Pregnancy will make your thyroid work harder because your baby doesn't have a functioning thyroid during most of pregnancy and is completely reliant on YOUR thyroid to do all the work for both of you - so if you have any underlying thyroid issues (even undiagnosed or non-existent when you aren't making your thyroid work for 2) they will be "revealed" during pregnancy
Your TSH and T3 and T4 levels will need to be monitored throughout the entire pregnancy and you may need to take increasing dosages of Synthroid (levothyroxine) to accommodate for the work your own thyroid just cannot do.
Post pregnancy your thyroid function will need to be checked and you will be weaned back down and/or off medication.
I would find a good endocrinologist to monitor you for the duration of the pregnancy and then at least 6-8 weeks after.
This is relatively common (and can cause miscarriage) but if monitored and treated with medication is mostly a non-issue. Both you and baby will be fine as long as you get the correct thyroid replacement medication to help support the needs for you and baby during pregnancy.
Higher TSH means that your body is "asking" your thyroid to work harder.

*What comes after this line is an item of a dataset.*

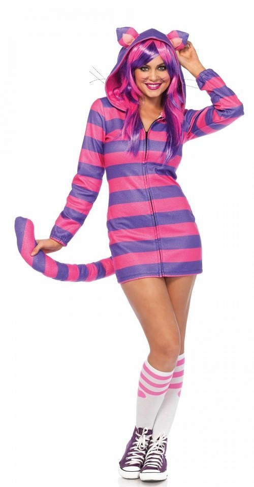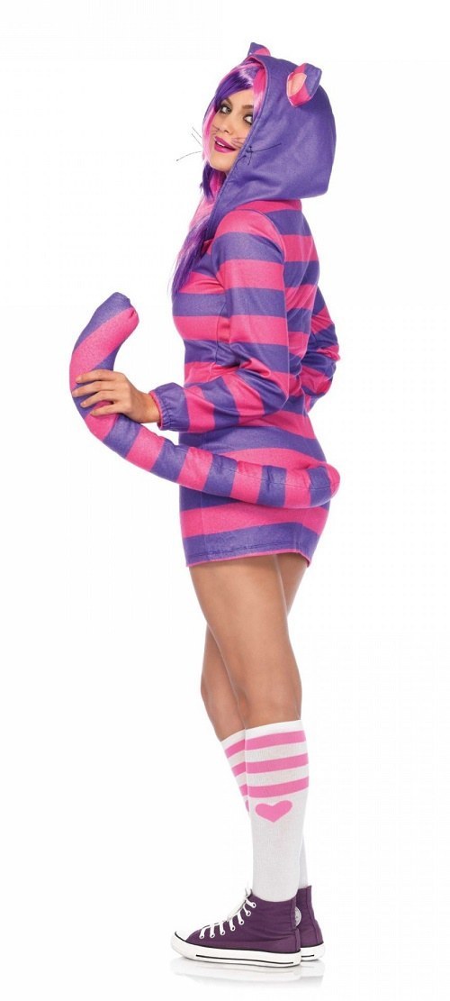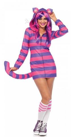 Cozy Cheshire Cat Costume includes a pink and purple stripped zipper front velour dress with a cat ear hood and a tail.

TSH is "thyroid stimulating hormone" - so a higher TSH level means your thyroid isn't functioning at optimal levels and is sluggish....and your body is sending out increased TSH into your blood saying to your thyroid "hey, we need more from you"
Lower TSH levels (below a 1) indicate that your thyroid is functioning too well and may be hyperactive. That can happen in pregnancy if you end up taking too much Synthroid (Levo).
Synthroid/levothyroxine is a synthetic replacement of the hormone that your thyroid naturally produces. The doctor will start you with a lower dosage to see if it is enough to meet your needs. You will likely take it once a day in the morning (take on an empty stomach with water and don't eat for 30 minutes). Your doctor will/should order bloodwork in 4 weeks after you start taking the medication to check your TSH levels to find out if the dosage you are taking is enough to meet the demands of your body. During pregnancy, you want a TSH level ideally between 1 and 2.
it takes a bit to understand thyroid stuff so don't be scared or overwhelmed. With medication, it is pretty well controlled once they get the right dosage.
I'm glad they found something but worried it's too late, my levels were nearly 4 yesterday and I can't start the medicine until the morning. So I'm just trying to be calm. We did see a hb yesterday and my losses were both early second tri.
Four is okay - especially if you've started treatment. My RE allowed me to cycle as long as I was at 5 and actively fixing it with synthroid.
You're going to be fine. The old TSH definition is 5, the new is 3. You are in that gray area between old normal and new normal. But you're now treating.
When I was diagnosed with Hashimoto's, my TSH was 13. That was a huge problem for me, my RE and my GP. My RE said that level was perhaps the reason I had an early loss but there's no way to be sure.
Good luck!
EDIT: Many REs will say that "under two" is optimal for TSH, but I truly wonder how many women actually hit that sweet spot consistently. Pregnancy and after pregnancy can both stress your thyroid - that's why TSH is a common blood test check in early pregnancy. Many women aren't tested until 6-8 weeks and then treated if necessary.